OS X's otool -vt gives me this for the multiplication of the vectors

Code:

00000000000000e1	movdqa	0xc0(%rbp),%xmm1
00000000000000e6	movdqa	0xb0(%rbp),%xmm2
00000000000000eb	movd	%xmm1,%edx
00000000000000ef	movd	%xmm2,%eax
00000000000000f3	movl	%edx,%ecx
00000000000000f5	imull	%eax,%ecx
00000000000000f8	movl	%ecx,0x90(%rbp)
00000000000000fb	pshufd	$0x55,%xmm1,%xmm0
0000000000000100	movd	%xmm0,%edx
0000000000000104	pshufd	$0x55,%xmm2,%xmm0
0000000000000109	movd	%xmm0,%eax
000000000000010d	movl	%edx,%ecx
000000000000010f	imull	%eax,%ecx
0000000000000112	movl	%ecx,0x94(%rbp)
0000000000000115	movdqa	%xmm1,%xmm0
0000000000000119	punpckhdq	%xmm1,%xmm0
000000000000011d	movd	%xmm0,%edx
0000000000000121	movdqa	%xmm2,%xmm0
0000000000000125	punpckhdq	%xmm2,%xmm0
0000000000000129	movd	%xmm0,%eax
000000000000012d	movl	%edx,%ecx
000000000000012f	imull	%eax,%ecx
0000000000000132	movl	%ecx,0x98(%rbp)
0000000000000135	pshufd	$0xff,%xmm1,%xmm0
000000000000013a	movd	%xmm0,%edx
000000000000013e	pshufd	$0xff,%xmm2,%xmm0
0000000000000143	movd	%xmm0,%eax
0000000000000147	movl	%edx,%ecx
0000000000000149	imull	%eax,%ecx
000000000000014c	movl	%ecx,0x9c(%rbp)
000000000000014f	movd	0x90(%rbp),%xmm1
0000000000000154	movd	0x94(%rbp),%xmm0
0000000000000159	punpckldq	%xmm0,%xmm1
000000000000015d	movd	0x98(%rbp),%xmm0
0000000000000162	movd	0x9c(%rbp),%xmm2
0000000000000167	punpckldq	%xmm2,%xmm0
000000000000016b	movq	%xmm1,%xmm2
000000000000016f	punpcklqdq	%xmm0,%xmm2
0000000000000173	movdqa	%xmm2,%xmm0
0000000000000177	movdqa	%xmm0,0xc0(%rbp)

Basically, it loads the value from the stack to the xmm registers, moves it into normal registers, multiplies it, moves it back into xmm registers, then moves it back onto the stack, completely defeating the purpose of sse and in fact harming performance.
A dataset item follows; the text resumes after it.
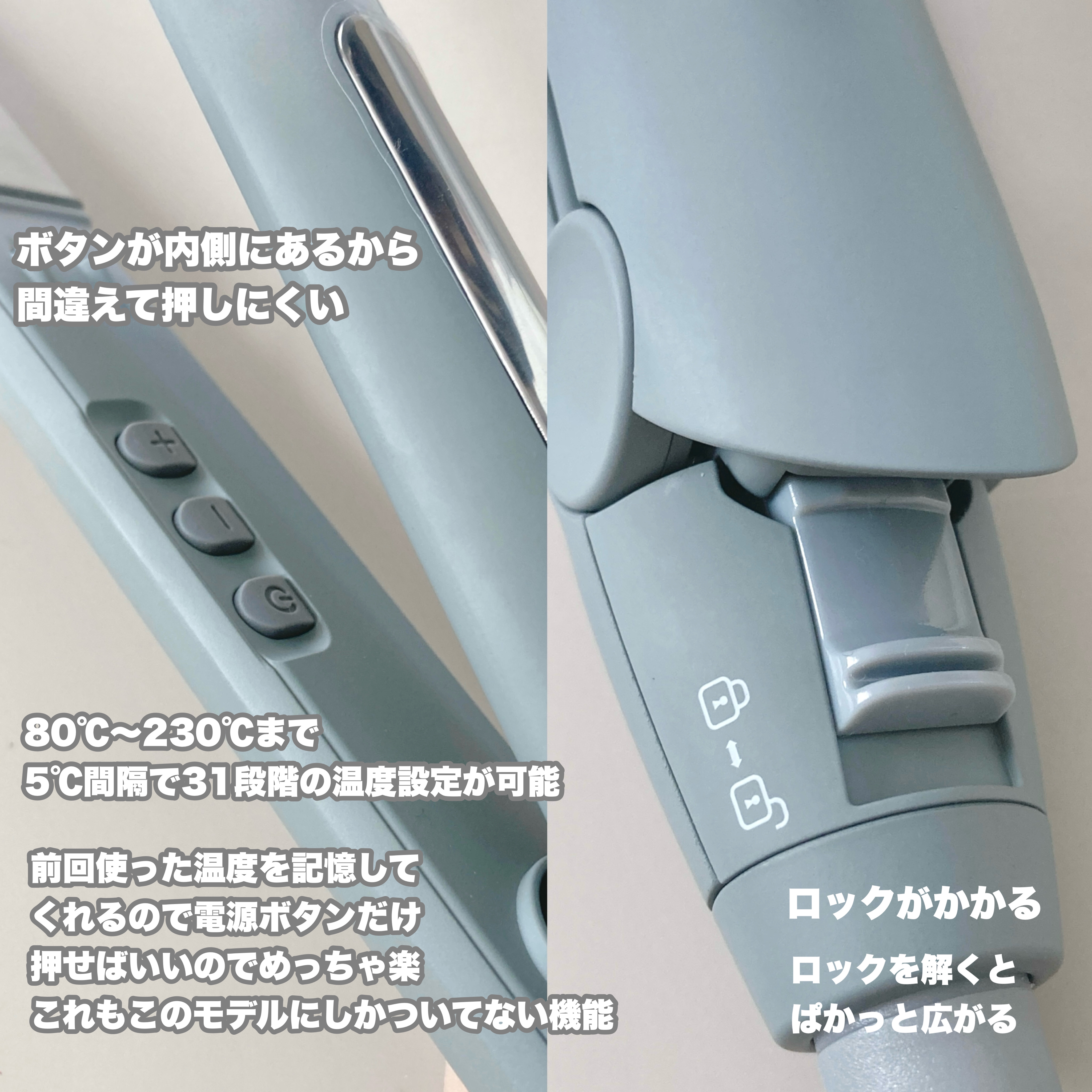 長年使用していたSALONIAがお亡くなりになり、初めてのSALONMOONを購入🫧グラデーションカラーの色合いがすごく素敵で、コンセント&コードまで統一のグレーカラーなのがさらにツボです♡持っても軽く、髪を挟んで伸ばしたときも滑らかで使いやすい!吐出口が2つあってダブルでマイナスイオンが出てるそう。けどマイナスイオンは正直、、わからない😂(どのメーカーでもイマイチわからないのでこのアイロンに限ったことではなく笑)でもアイロン通したあとはサラサラツヤツヤ✨設定温度までの立ち上がりも早く、前回設定した温度で次からは立ち上がるので朝本当に楽ちんです。まだカールは試してませんが、形が丸みを帯びたラウンドボディなので簡単かつ綺麗にできそうで楽しみ。収納時or使用時のロックが少ーし固いのが気になりますが、、妥協できるレベル🫶🏻何よりリーズナブルなお値段なのにコスパよく、大満足なヘアアイロンです🧡

If I change to addition it works correctly

Code:

00000000000000da	movdqa	0xc0(%rbp),%xmm1
00000000000000df	movdqa	0xb0(%rbp),%xmm0
00000000000000e4	paddd	%xmm1,%xmm0
00000000000000e8	movdqa	%xmm0,0xc0(%rbp)

I thought sse supported integer multiplication. Am I wrong or am I doing something wrong

**EDIT**
A little bit of system info

Code:

$ gcc -v
Using built-in specs.
Target: i686-apple-darwin9
[huge string removed]
Thread model: posix
gcc version 4.0.1 (Apple Inc. build 5465)
$ uname -a
Darwin 9.4.0 Darwin Kernel Version 9.4.0: Mon Jun  9 19:30:53 PDT 2008; root:xnu-1228.5.20~1/RELEASE_I386 i386

**robwhit** · 09-19-2008

Try turning up the -O.

**matsp** · 09-19-2008

You may also want to try -msse2.

Edit: That won't help, since there is no 32 x 4 SIMD instruction in the SSE1, SSE2 or SSE3 instruction set. If you have a processor that supports SSE4.1 there is. Those processors aren't exactly common.

But at least it's not a compiler bug.

--
Mats

**Kernel Sanders** · 09-19-2008

Originally Posted by robwhit

Try turning up the -O.

O1 and O2 do the same thing

Originally Posted by matsp

You may also want to try -msse2.

Edit: That won't help, since there is no 32 x 4 SIMD instruction in the SSE1, SSE2 or SSE3 instruction set. If you have a processor that supports SSE4.1 there is. Those processors aren't exactly common.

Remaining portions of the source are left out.